A project at the University of Toronto, Scarborough, on dragomans as diplomatic interpreters in early modern Constantinople/Istanbul: see here for details.
I recently found a copy of Hassam’s ‘Arabic Self-Taught, or the Dragoman for Travellers in Egypt‘ (1883) with an intriguing inscription on an inside page. It reads:
S. Churchill Lt RSF
Thayetmyo B. B.
RSF = Royal Scots Fusiliers
B. B. = British Burma
The Royal Scots Fusiliers were stationed in Egypt 1882-1883, which is presumably where Churchill – or a colleague – developed an interest in Arabic, and acquired the book (in Egypt, or after the regiment’s return to England in 1883). In 1885, the Royal Scots Fusiliers were in Burma, and saw action in the Third Anglo-Burmese War.

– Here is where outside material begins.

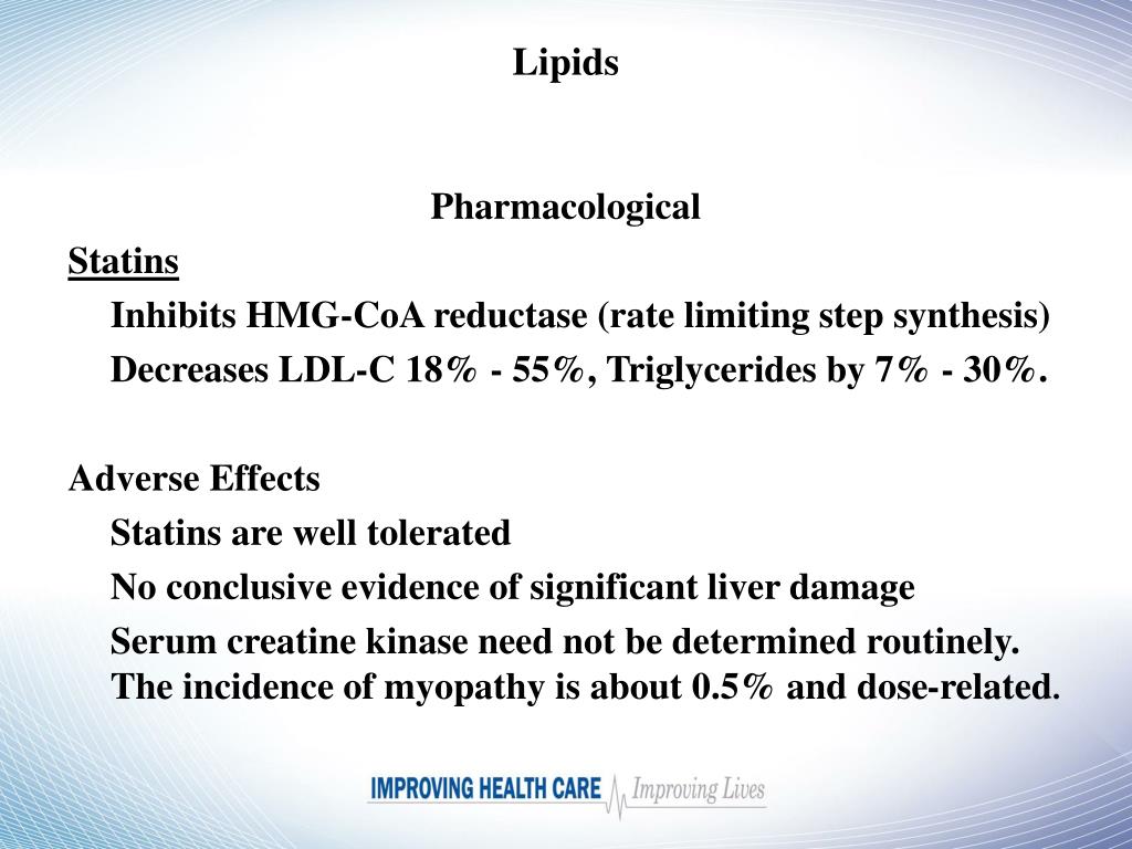 Lipids Pharmacological Statins Inhibits HMG-CoAreductase (rate limiting step synthesis) Decreases LDL-C 18% - 55%, Triglycerides by 7% - 30%. Adverse Effects Statins are well tolerated No conclusive evidence of significant liver damage Serum creatine kinase need not be determined routinely. The incidence of myopathy is about 0.5% and dose-related.

So is this any connection to the famous aristocratic Churchills? It seems not. There are tantalising connections, but the dates – and initials – just don’t match up. Lord Randolph Churchill (1849-1895) was Secretary of State for India in 1885, and instrumental in the British invasion and annexation of Burma, but he was not a Lieutenant in the Royal Scots Fusiliers, and was hardly hanging out in Thayetmyo brushing up on his Arabic. Winston Churchill (1874-1965) was appointed Lieutenant-Colonel in command of the 6th Battalion of the Royal Scots Fusiliers in 1916, but he was too young to have served with them in Burma.
A Lieutenant S. V. F. Churchill, however, appears on the Burma Medal Roll of the Royal Scots Fusiliers, 1885-1887 (you can read it online here). This is surely our man. How did his Arabic studies go? There are no further annotations on the book, which is in very good condition indeed, so perhaps, like many a present-day student of Arabic, his initial enthusiasm and good resolutions waned in the face of challenging grammar and phonology. In Burma, without exposure to the language, it will have been difficult for him to practise. (Burmese Self-Taught didn’t come out until 1911.) On the other hand, the Thayet Golf Club didn’t open until 1887, so he may well have had time on his hands.
So how did Lt. Churchill’s copy of Hassam’s ‘Arabic Self-Taught’ come to be in a bookshop in Le Mans, France, in 2014? Your guess is as good as mine.
Postscript (21 July 2015):
Our friend Lieutenant Churchill is mentioned briefly in a few contemporary (or near contemporary) accounts of British military involvement in Burma: Frontier and Overseas Expeditions from India (1907); The Coming of the Great Queen: A Narrative of the Acquisition of Burma (1888); The Chin Hills (1896). Caveat lector: these books are (ahem) ‘products of their times’.